WORK TASK: From the entries, return every line where the string "burn" shows up.
(Beginning of MATERIAL PROVIDED)
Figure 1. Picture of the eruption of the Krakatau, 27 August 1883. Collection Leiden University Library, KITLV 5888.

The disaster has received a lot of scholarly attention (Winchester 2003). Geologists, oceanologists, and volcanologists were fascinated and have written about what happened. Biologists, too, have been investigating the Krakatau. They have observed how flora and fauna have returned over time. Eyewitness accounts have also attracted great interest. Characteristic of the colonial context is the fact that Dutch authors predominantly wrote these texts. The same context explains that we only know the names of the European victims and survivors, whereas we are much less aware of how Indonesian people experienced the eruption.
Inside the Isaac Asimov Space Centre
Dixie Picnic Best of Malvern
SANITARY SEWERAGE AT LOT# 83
(End of MATERIAL PROVIDED)
(Beginning of MATERIAL PROVIDED)
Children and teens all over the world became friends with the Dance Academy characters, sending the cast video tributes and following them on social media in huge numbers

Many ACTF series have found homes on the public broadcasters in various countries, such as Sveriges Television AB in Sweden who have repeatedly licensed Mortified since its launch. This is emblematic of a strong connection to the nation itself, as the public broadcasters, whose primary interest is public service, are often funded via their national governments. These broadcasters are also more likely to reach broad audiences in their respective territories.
(End of MATERIAL PROVIDED)
(Beginning of MATERIAL PROVIDED)
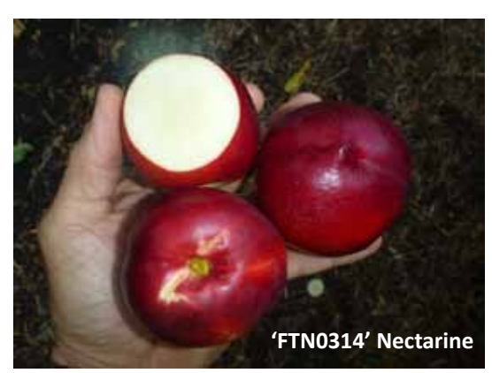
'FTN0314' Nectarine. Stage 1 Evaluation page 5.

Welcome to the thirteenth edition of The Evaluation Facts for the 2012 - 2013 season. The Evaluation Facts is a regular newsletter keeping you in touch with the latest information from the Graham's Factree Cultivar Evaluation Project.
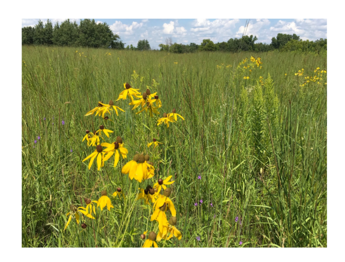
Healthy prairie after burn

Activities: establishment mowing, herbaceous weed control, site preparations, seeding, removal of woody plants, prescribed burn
(End of MATERIAL PROVIDED)
PROBLEM SOLUTION:
Healthy prairie after burn
Activities: establishment mowing, herbaceous weed control, site preparations, seeding, removal of woody plants, prescribed burn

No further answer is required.